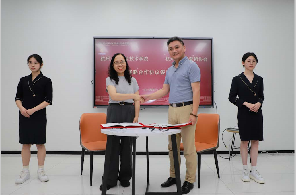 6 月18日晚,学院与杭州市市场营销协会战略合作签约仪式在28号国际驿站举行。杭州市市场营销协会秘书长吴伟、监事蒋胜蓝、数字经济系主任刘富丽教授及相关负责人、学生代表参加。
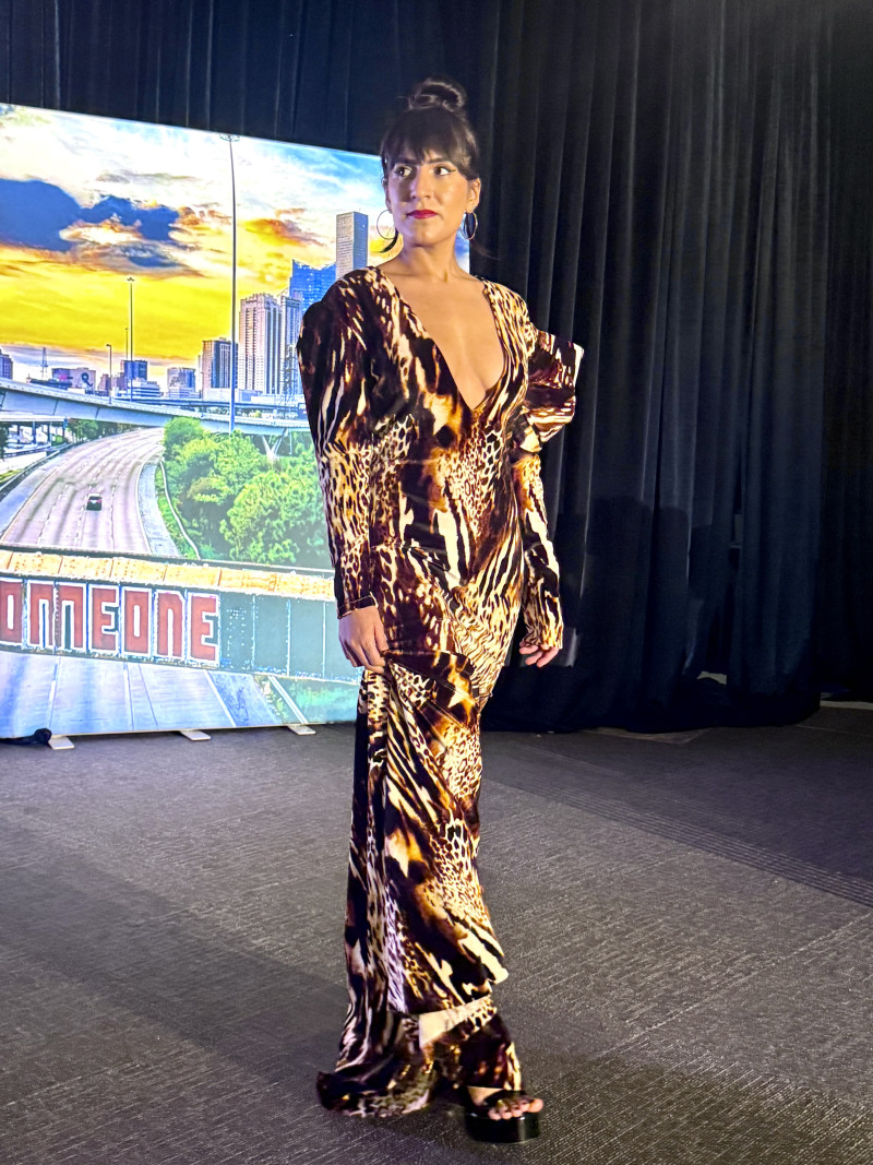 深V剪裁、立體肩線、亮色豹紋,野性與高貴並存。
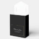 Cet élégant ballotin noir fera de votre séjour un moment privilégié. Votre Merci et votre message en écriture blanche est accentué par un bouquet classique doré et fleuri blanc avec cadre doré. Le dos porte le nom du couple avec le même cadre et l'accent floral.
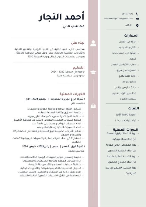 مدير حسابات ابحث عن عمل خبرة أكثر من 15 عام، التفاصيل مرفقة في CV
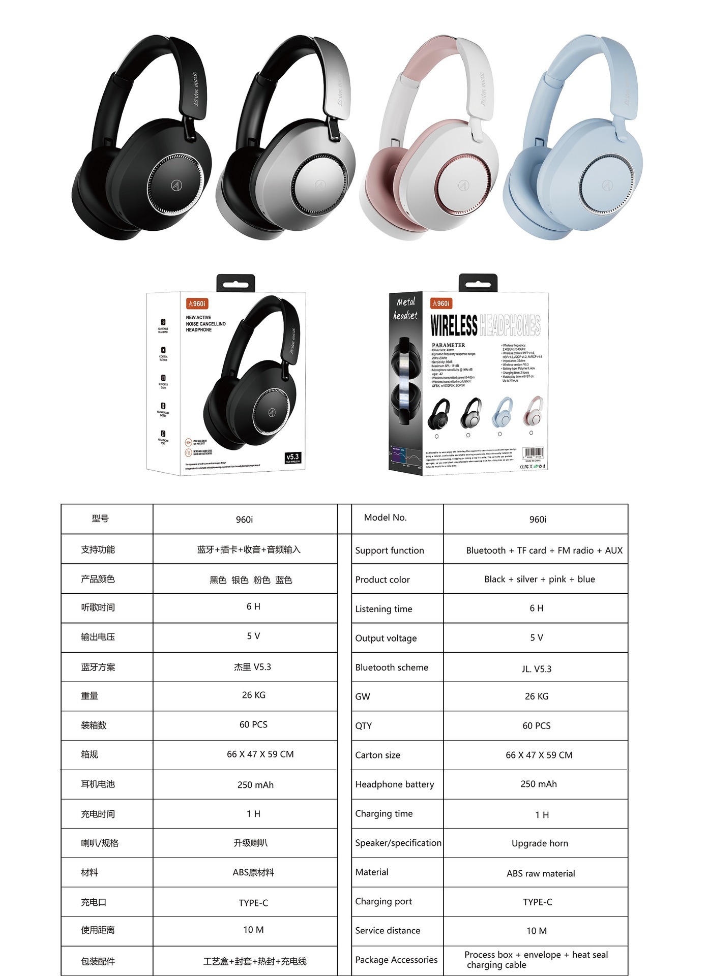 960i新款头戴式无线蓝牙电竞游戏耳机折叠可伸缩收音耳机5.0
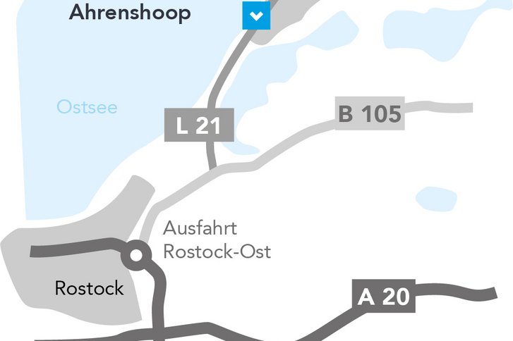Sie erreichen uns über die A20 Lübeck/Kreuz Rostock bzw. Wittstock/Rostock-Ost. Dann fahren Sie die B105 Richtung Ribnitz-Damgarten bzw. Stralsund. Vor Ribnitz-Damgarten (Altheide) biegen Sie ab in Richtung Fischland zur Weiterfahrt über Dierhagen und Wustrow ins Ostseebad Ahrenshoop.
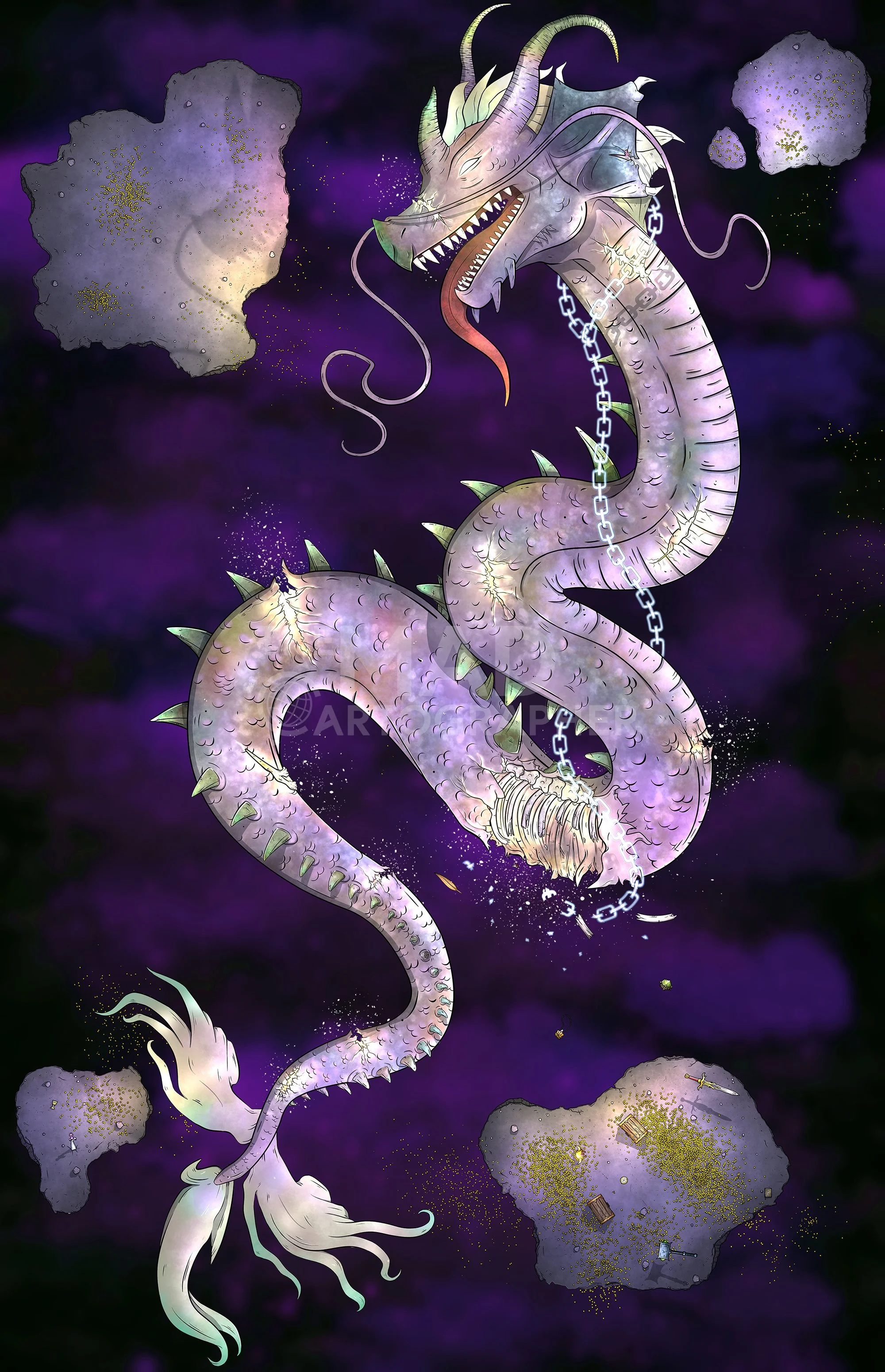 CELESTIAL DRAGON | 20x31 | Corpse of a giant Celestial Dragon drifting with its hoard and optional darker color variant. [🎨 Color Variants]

* Task details
Leaving out the pictures, print each line of the records above from the first up to and including the one that contains "960i新款头戴式无线蓝牙电竞游戏耳机折叠可伸缩收音耳机5.0", exactly as written.

* The completed task
 6 月18日晚,学院与杭州市市场营销协会战略合作签约仪式在28号国际驿站举行。杭州市市场营销协会秘书长吴伟、监事蒋胜蓝、数字经济系主任刘富丽教授及相关负责人、学生代表参加。
 深V剪裁、立體肩線、亮色豹紋,野性與高貴並存。
 Cet élégant ballotin noir fera de votre séjour un moment privilégié. Votre Merci et votre message en écriture blanche est accentué par un bouquet classique doré et fleuri blanc avec cadre doré. Le dos porte le nom du couple avec le même cadre et l'accent floral.
 مدير حسابات ابحث عن عمل خبرة أكثر من 15 عام، التفاصيل مرفقة في CV
 960i新款头戴式无线蓝牙电竞游戏耳机折叠可伸缩收音耳机5.0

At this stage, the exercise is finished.